* **Action item**: Please produce an exact transcription of the lines from the one containing "Acesta, ajutat fiind" through the last line of the entries, leaving out every picture.

━━ Supplied records ━━

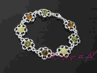 SREBRNA BRANSOLETA KWIATKI Z BURSZTYNEM KOLORY
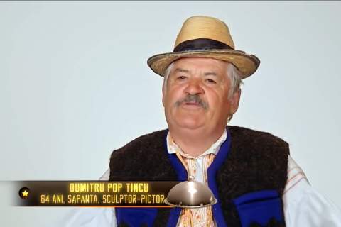 Acesta, ajutat fiind de ucenicii săi, au realizat cruci gravate și colorate, ce prezintă versuri cu și despre persoana răposată. Sunt surprinse fie realizările acesteia, fie obiceiurile rele pe care le-a avut în timpul vieții. Cimitirul Vesel de la Săpânța este recunoscut pentru unicitate și originalitate, fiind unul dintre obiectivele turistice de top din județul Maramureș. Și în timp ce a gătit mămăligă cu brânză, cârnați și smântână, Dumitrescu Pop Tincu a povestit cine este și cu ce se ocupă!”, a notat site-ul oficial al emisiunii. Am adăuga aici că artistul maramureșean le-a oferit și câte un pahar de horincă celor trei chefi.
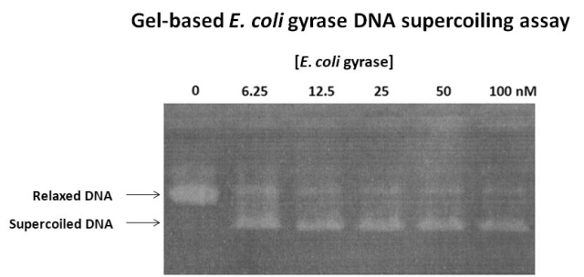 DNA topoisomerases such as bacterial topoisomerase II (gyrase) convert relaxed circular DNA into supercoiled DNA (DNA supercoiling reaction). The Gel-Based E. coli Gyrase DNA Supercoiling Assay is based on the principle that the supercoiled DNA and relaxed DNA are separated by agarose gel electrophoresis. Fluorescence-based DNA supercoiling assays in a 96-well pate format are also available for high throughput screening of gyrase inhibitors. For more information of the high throughput gyrase DNA supercoiling assays, please visit the website at http://www.profoldin.com/topoisomerase_assays_1.html.
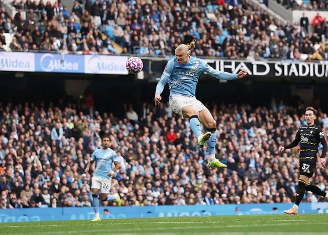 Phút 58, sau một tình huống phát động từ giữa sân, Phil Foden có pha chuyền dọc biên trái thông minh cho tài năng trẻ O’Reilly. Cầu thủ này thoát xuống cực nhanh và tạt bóng chuẩn xác vào trong. Haaland bật cao đầy sức mạnh giữa vòng vây hậu vệ đội khách và đánh đầu dũng mãnh, mở tỷ số cho Man City.
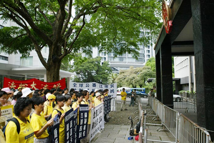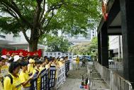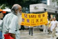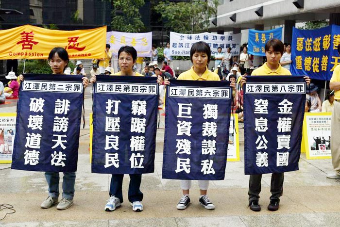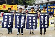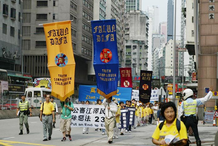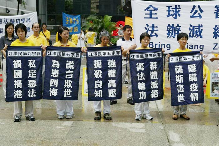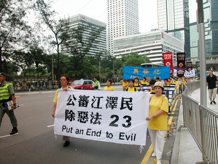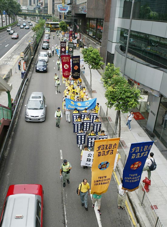 【明慧网二零零三年五月二十六日】「全球公审江泽民,法办灭绝罪元凶」、「捍卫天赋人权,不容恶法祸港」。5月25日,近二百名香港法轮功学员,浩浩荡荡的拉起横幅,由湾仔游行到中环政府总部,向全港市民宣布中国前国家主席江泽民所犯下残暴不仁的「九宗罪」,以及海外法轮功学员正以「群体灭绝罪」把江泽民推上美国联邦法庭的消息。法轮功学员相信「世上所有善良的人们都会从这场全球正义大公审中深深受益」。
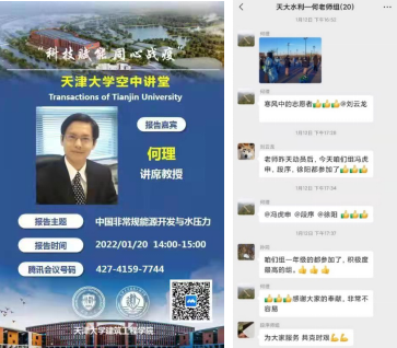 此外,何老师还积极参与“科技赋能,同心战役”天津大学空中讲堂等系列活动,丰富了我们校内学习生活安排,并在全校范围内产生了非常好的反响和效果。

━━━

* **Answer to this problem**:
 Acesta, ajutat fiind de ucenicii săi, au realizat cruci gravate și colorate, ce prezintă versuri cu și despre persoana răposată. Sunt surprinse fie realizările acesteia, fie obiceiurile rele pe care le-a avut în timpul vieții. Cimitirul Vesel de la Săpânța este recunoscut pentru unicitate și originalitate, fiind unul dintre obiectivele turistice de top din județul Maramureș. Și în timp ce a gătit mămăligă cu brânză, cârnați și smântână, Dumitrescu Pop Tincu a povestit cine este și cu ce se ocupă!”, a notat site-ul oficial al emisiunii. Am adăuga aici că artistul maramureșean le-a oferit și câte un pahar de horincă celor trei chefi.
 DNA topoisomerases such as bacterial topoisomerase II (gyrase) convert relaxed circular DNA into supercoiled DNA (DNA supercoiling reaction). The Gel-Based E. coli Gyrase DNA Supercoiling Assay is based on the principle that the supercoiled DNA and relaxed DNA are separated by agarose gel electrophoresis. Fluorescence-based DNA supercoiling assays in a 96-well pate format are also available for high throughput screening of gyrase inhibitors. For more information of the high throughput gyrase DNA supercoiling assays, please visit the website at http://www.profoldin.com/topoisomerase_assays_1.html.
 Phút 58, sau một tình huống phát động từ giữa sân, Phil Foden có pha chuyền dọc biên trái thông minh cho tài năng trẻ O’Reilly. Cầu thủ này thoát xuống cực nhanh và tạt bóng chuẩn xác vào trong. Haaland bật cao đầy sức mạnh giữa vòng vây hậu vệ đội khách và đánh đầu dũng mãnh, mở tỷ số cho Man City.
 【明慧网二零零三年五月二十六日】「全球公审江泽民,法办灭绝罪元凶」、「捍卫天赋人权,不容恶法祸港」。5月25日,近二百名香港法轮功学员,浩浩荡荡的拉起横幅,由湾仔游行到中环政府总部,向全港市民宣布中国前国家主席江泽民所犯下残暴不仁的「九宗罪」,以及海外法轮功学员正以「群体灭绝罪」把江泽民推上美国联邦法庭的消息。法轮功学员相信「世上所有善良的人们都会从这场全球正义大公审中深深受益」。
 此外,何老师还积极参与“科技赋能,同心战役”天津大学空中讲堂等系列活动,丰富了我们校内学习生活安排,并在全校范围内产生了非常好的反响和效果。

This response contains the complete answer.